TASK – For this exercise, copy the records below exactly and exclude every image.

Stored data entries:
-- Opening Marker --
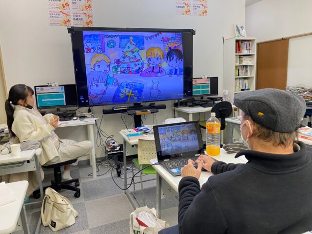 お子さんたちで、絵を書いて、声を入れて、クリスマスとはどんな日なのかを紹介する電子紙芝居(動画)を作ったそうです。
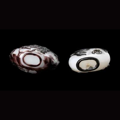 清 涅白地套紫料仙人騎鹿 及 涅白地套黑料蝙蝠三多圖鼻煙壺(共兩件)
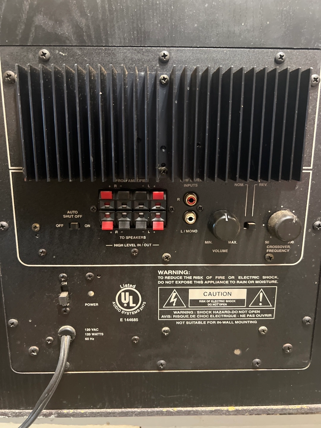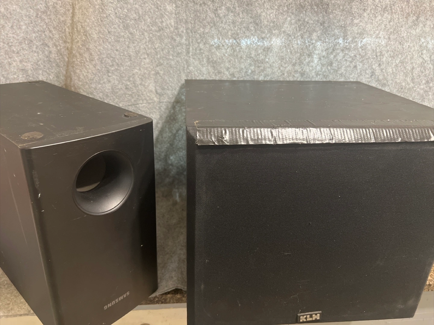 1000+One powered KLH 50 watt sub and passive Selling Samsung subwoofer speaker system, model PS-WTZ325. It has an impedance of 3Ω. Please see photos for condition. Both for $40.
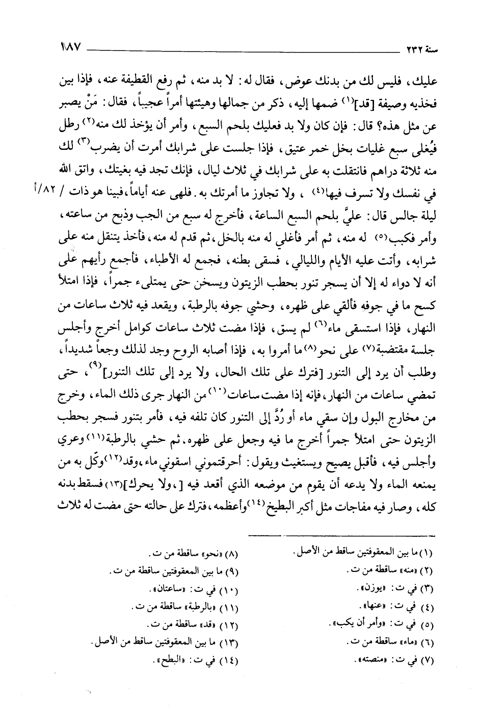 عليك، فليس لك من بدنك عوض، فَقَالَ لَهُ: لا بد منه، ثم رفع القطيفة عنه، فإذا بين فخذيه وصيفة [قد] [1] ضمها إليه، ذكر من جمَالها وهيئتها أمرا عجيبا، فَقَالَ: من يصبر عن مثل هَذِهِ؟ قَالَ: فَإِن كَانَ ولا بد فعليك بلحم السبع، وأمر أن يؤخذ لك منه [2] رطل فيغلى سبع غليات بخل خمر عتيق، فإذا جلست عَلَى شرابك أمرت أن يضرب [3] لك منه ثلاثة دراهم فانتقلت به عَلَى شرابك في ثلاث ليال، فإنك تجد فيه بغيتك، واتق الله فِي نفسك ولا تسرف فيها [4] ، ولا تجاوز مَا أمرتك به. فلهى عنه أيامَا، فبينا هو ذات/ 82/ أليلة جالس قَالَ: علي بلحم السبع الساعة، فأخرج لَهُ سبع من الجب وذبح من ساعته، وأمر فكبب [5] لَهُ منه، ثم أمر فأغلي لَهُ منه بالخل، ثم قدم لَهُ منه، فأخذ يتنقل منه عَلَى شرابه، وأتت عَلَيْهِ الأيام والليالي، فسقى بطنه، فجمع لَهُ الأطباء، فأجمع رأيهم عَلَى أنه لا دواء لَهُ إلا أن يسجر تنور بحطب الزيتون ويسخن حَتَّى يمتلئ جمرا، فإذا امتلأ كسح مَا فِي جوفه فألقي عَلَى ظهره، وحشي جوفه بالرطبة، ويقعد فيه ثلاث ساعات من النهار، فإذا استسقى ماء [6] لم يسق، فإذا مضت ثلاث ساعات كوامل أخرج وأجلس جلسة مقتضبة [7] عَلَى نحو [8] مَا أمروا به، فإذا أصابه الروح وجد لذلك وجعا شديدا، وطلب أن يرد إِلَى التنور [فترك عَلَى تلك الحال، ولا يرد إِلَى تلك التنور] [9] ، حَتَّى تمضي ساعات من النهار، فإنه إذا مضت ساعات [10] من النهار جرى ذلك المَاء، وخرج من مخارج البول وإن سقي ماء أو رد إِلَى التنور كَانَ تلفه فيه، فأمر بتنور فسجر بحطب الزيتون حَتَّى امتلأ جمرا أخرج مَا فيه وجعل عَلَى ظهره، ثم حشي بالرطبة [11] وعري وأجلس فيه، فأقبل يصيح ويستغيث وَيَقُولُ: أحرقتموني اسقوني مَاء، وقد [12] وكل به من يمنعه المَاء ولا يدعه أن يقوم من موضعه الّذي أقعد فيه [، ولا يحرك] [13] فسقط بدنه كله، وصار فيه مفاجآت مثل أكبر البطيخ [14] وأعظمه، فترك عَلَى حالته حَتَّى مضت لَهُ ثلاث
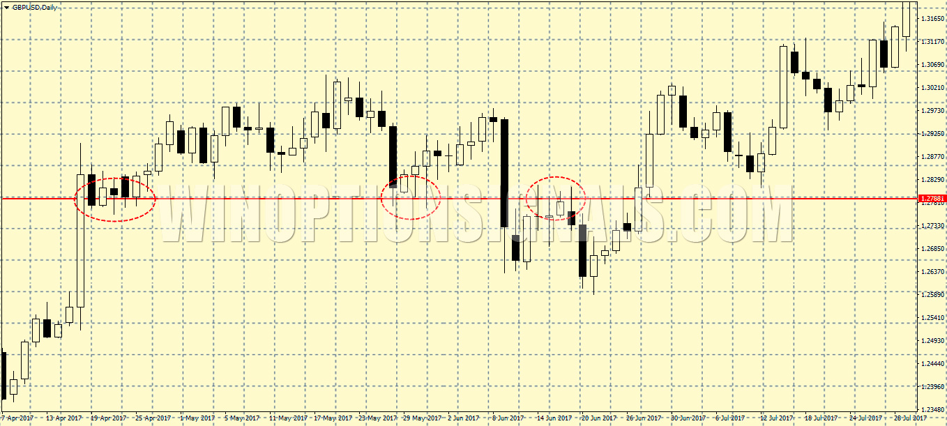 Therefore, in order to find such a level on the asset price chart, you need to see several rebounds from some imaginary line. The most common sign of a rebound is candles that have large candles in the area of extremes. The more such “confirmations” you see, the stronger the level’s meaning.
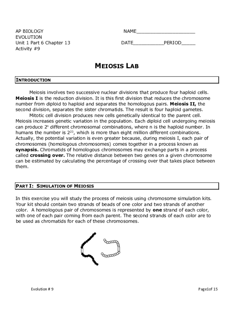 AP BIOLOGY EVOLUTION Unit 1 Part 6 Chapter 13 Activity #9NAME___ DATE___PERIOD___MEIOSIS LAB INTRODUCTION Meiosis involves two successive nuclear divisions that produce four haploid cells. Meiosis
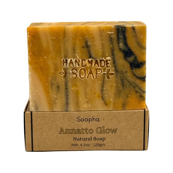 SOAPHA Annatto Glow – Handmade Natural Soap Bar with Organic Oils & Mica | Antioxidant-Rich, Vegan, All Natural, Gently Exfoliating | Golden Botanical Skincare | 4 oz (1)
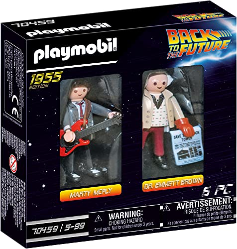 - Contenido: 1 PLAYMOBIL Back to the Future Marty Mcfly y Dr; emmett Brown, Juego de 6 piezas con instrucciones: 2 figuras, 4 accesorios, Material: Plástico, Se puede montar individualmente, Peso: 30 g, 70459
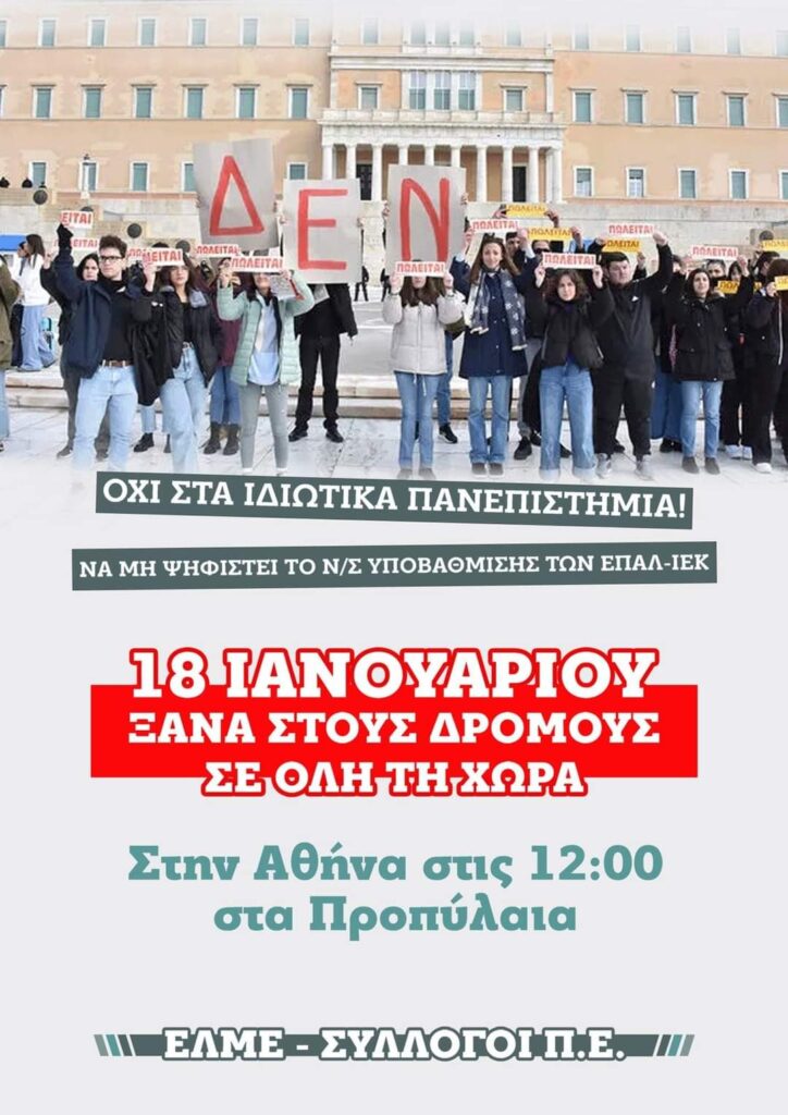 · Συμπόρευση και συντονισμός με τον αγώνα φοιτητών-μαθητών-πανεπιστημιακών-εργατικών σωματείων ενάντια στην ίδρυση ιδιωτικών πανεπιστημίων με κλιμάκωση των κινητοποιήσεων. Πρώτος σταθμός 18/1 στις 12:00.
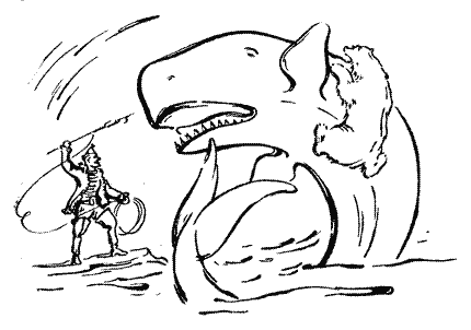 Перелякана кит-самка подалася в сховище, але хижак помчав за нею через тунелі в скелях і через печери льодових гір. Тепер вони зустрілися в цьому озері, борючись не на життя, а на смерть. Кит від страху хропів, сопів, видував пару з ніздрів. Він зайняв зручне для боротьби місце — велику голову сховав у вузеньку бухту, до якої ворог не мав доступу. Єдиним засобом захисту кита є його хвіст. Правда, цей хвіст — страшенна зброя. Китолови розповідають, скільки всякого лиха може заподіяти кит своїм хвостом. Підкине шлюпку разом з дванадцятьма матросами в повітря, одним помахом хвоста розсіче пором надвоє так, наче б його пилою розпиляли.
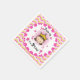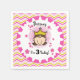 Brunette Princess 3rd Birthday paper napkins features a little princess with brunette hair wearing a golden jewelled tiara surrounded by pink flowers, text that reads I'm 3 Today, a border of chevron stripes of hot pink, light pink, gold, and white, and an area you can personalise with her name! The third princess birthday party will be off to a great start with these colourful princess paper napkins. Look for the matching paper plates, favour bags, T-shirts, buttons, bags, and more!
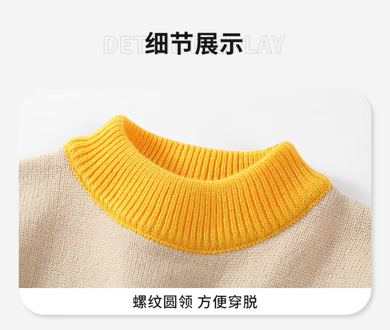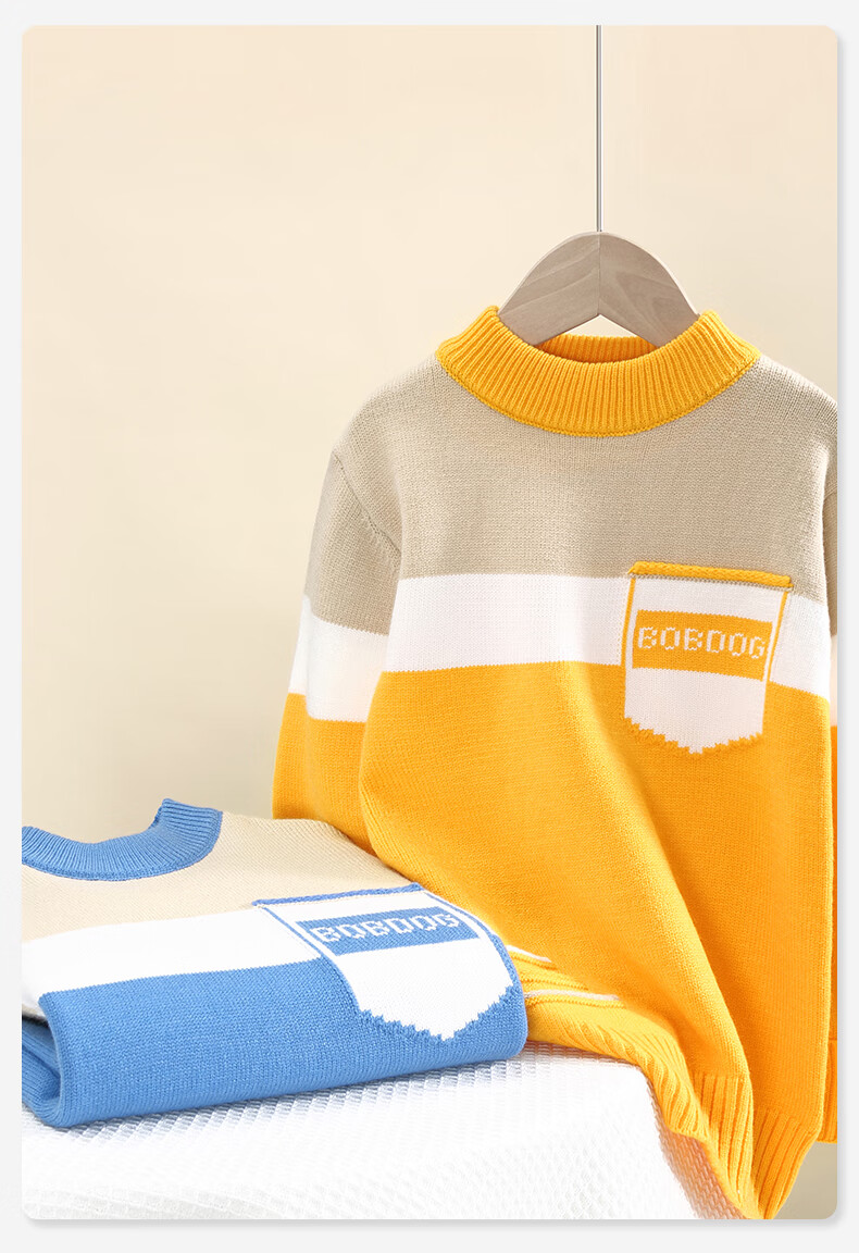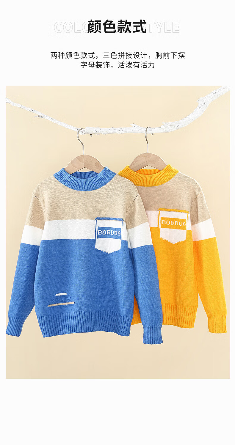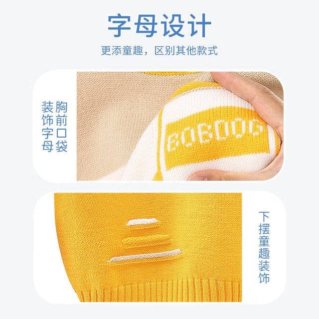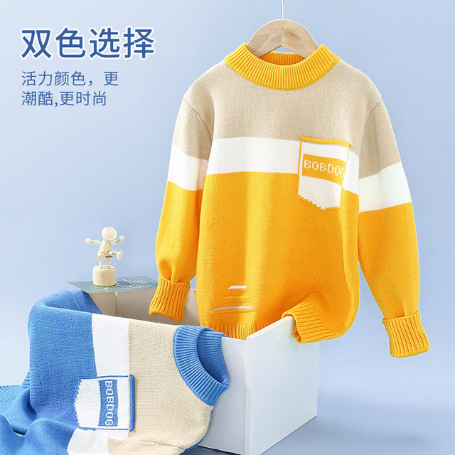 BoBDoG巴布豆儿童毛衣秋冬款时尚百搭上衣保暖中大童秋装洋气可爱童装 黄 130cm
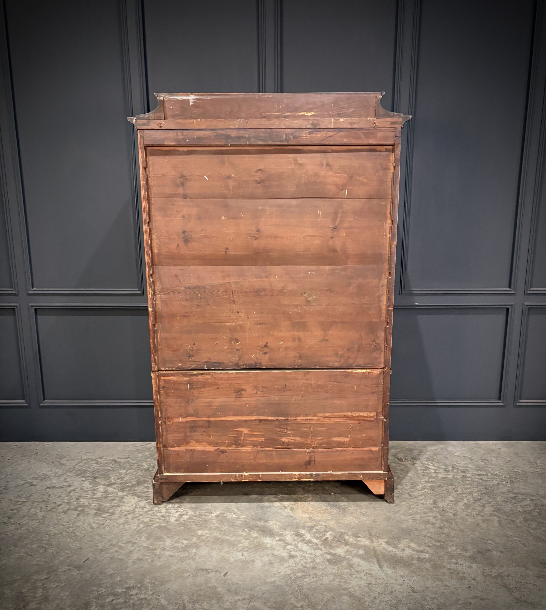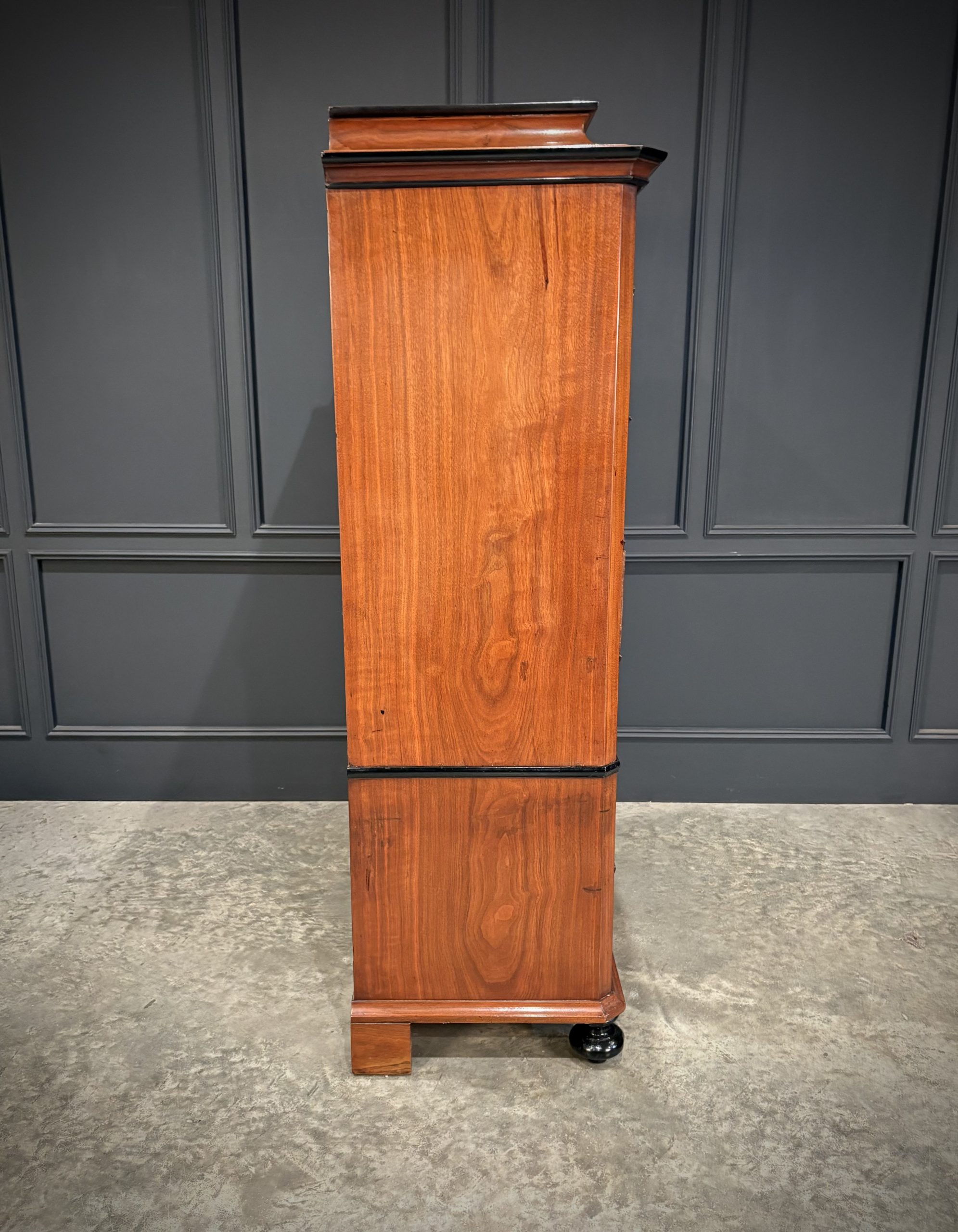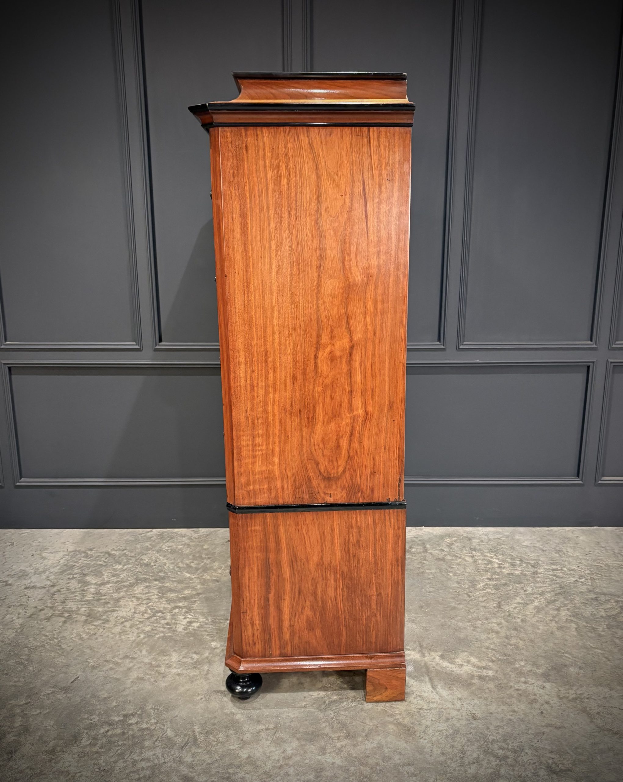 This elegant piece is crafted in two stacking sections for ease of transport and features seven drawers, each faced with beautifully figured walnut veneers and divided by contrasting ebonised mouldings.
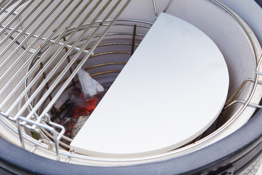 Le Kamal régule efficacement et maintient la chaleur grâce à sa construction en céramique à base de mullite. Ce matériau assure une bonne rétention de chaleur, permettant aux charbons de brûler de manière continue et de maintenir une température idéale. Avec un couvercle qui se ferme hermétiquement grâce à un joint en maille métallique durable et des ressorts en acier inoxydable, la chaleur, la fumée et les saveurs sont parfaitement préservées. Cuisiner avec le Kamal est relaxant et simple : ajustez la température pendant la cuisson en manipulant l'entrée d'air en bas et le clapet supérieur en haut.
-- Closing Marker --
YOUR SOLUTION –
 お子さんたちで、絵を書いて、声を入れて、クリスマスとはどんな日なのかを紹介する電子紙芝居(動画)を作ったそうです。
 清 涅白地套紫料仙人騎鹿 及 涅白地套黑料蝙蝠三多圖鼻煙壺(共兩件)
 1000+One powered KLH 50 watt sub and passive Selling Samsung subwoofer speaker system, model PS-WTZ325. It has an impedance of 3Ω. Please see photos for condition. Both for $40.
 عليك، فليس لك من بدنك عوض، فَقَالَ لَهُ: لا بد منه، ثم رفع القطيفة عنه، فإذا بين فخذيه وصيفة [قد] [1] ضمها إليه، ذكر من جمَالها وهيئتها أمرا عجيبا، فَقَالَ: من يصبر عن مثل هَذِهِ؟ قَالَ: فَإِن كَانَ ولا بد فعليك بلحم السبع، وأمر أن يؤخذ لك منه [2] رطل فيغلى سبع غليات بخل خمر عتيق، فإذا جلست عَلَى شرابك أمرت أن يضرب [3] لك منه ثلاثة دراهم فانتقلت به عَلَى شرابك في ثلاث ليال، فإنك تجد فيه بغيتك، واتق الله فِي نفسك ولا تسرف فيها [4] ، ولا تجاوز مَا أمرتك به. فلهى عنه أيامَا، فبينا هو ذات/ 82/ أليلة جالس قَالَ: علي بلحم السبع الساعة، فأخرج لَهُ سبع من الجب وذبح من ساعته، وأمر فكبب [5] لَهُ منه، ثم أمر فأغلي لَهُ منه بالخل، ثم قدم لَهُ منه، فأخذ يتنقل منه عَلَى شرابه، وأتت عَلَيْهِ الأيام والليالي، فسقى بطنه، فجمع لَهُ الأطباء، فأجمع رأيهم عَلَى أنه لا دواء لَهُ إلا أن يسجر تنور بحطب الزيتون ويسخن حَتَّى يمتلئ جمرا، فإذا امتلأ كسح مَا فِي جوفه فألقي عَلَى ظهره، وحشي جوفه بالرطبة، ويقعد فيه ثلاث ساعات من النهار، فإذا استسقى ماء [6] لم يسق، فإذا مضت ثلاث ساعات كوامل أخرج وأجلس جلسة مقتضبة [7] عَلَى نحو [8] مَا أمروا به، فإذا أصابه الروح وجد لذلك وجعا شديدا، وطلب أن يرد إِلَى التنور [فترك عَلَى تلك الحال، ولا يرد إِلَى تلك التنور] [9] ، حَتَّى تمضي ساعات من النهار، فإنه إذا مضت ساعات [10] من النهار جرى ذلك المَاء، وخرج من مخارج البول وإن سقي ماء أو رد إِلَى التنور كَانَ تلفه فيه، فأمر بتنور فسجر بحطب الزيتون حَتَّى امتلأ جمرا أخرج مَا فيه وجعل عَلَى ظهره، ثم حشي بالرطبة [11] وعري وأجلس فيه، فأقبل يصيح ويستغيث وَيَقُولُ: أحرقتموني اسقوني مَاء، وقد [12] وكل به من يمنعه المَاء ولا يدعه أن يقوم من موضعه الّذي أقعد فيه [، ولا يحرك] [13] فسقط بدنه كله، وصار فيه مفاجآت مثل أكبر البطيخ [14] وأعظمه، فترك عَلَى حالته حَتَّى مضت لَهُ ثلاث
 Therefore, in order to find such a level on the asset price chart, you need to see several rebounds from some imaginary line. The most common sign of a rebound is candles that have large candles in the area of extremes. The more such “confirmations” you see, the stronger the level’s meaning.
 AP BIOLOGY EVOLUTION Unit 1 Part 6 Chapter 13 Activity #9NAME___ DATE___PERIOD___MEIOSIS LAB INTRODUCTION Meiosis involves two successive nuclear divisions that produce four haploid cells. Meiosis
 SOAPHA Annatto Glow – Handmade Natural Soap Bar with Organic Oils & Mica | Antioxidant-Rich, Vegan, All Natural, Gently Exfoliating | Golden Botanical Skincare | 4 oz (1)
 - Contenido: 1 PLAYMOBIL Back to the Future Marty Mcfly y Dr; emmett Brown, Juego de 6 piezas con instrucciones: 2 figuras, 4 accesorios, Material: Plástico, Se puede montar individualmente, Peso: 30 g, 70459
 · Συμπόρευση και συντονισμός με τον αγώνα φοιτητών-μαθητών-πανεπιστημιακών-εργατικών σωματείων ενάντια στην ίδρυση ιδιωτικών πανεπιστημίων με κλιμάκωση των κινητοποιήσεων. Πρώτος σταθμός 18/1 στις 12:00.
 Перелякана кит-самка подалася в сховище, але хижак помчав за нею через тунелі в скелях і через печери льодових гір. Тепер вони зустрілися в цьому озері, борючись не на життя, а на смерть. Кит від страху хропів, сопів, видував пару з ніздрів. Він зайняв зручне для боротьби місце — велику голову сховав у вузеньку бухту, до якої ворог не мав доступу. Єдиним засобом захисту кита є його хвіст. Правда, цей хвіст — страшенна зброя. Китолови розповідають, скільки всякого лиха може заподіяти кит своїм хвостом. Підкине шлюпку разом з дванадцятьма матросами в повітря, одним помахом хвоста розсіче пором надвоє так, наче б його пилою розпиляли.
 Brunette Princess 3rd Birthday paper napkins features a little princess with brunette hair wearing a golden jewelled tiara surrounded by pink flowers, text that reads I'm 3 Today, a border of chevron stripes of hot pink, light pink, gold, and white, and an area you can personalise with her name! The third princess birthday party will be off to a great start with these colourful princess paper napkins. Look for the matching paper plates, favour bags, T-shirts, buttons, bags, and more!
 BoBDoG巴布豆儿童毛衣秋冬款时尚百搭上衣保暖中大童秋装洋气可爱童装 黄 130cm
 This elegant piece is crafted in two stacking sections for ease of transport and features seven drawers, each faced with beautifully figured walnut veneers and divided by contrasting ebonised mouldings.
 Le Kamal régule efficacement et maintient la chaleur grâce à sa construction en céramique à base de mullite. Ce matériau assure une bonne rétention de chaleur, permettant aux charbons de brûler de manière continue et de maintenir une température idéale. Avec un couvercle qui se ferme hermétiquement grâce à un joint en maille métallique durable et des ressorts en acier inoxydable, la chaleur, la fumée et les saveurs sont parfaitement préservées. Cuisiner avec le Kamal est relaxant et simple : ajustez la température pendant la cuisson en manipulant l'entrée d'air en bas et le clapet supérieur en haut.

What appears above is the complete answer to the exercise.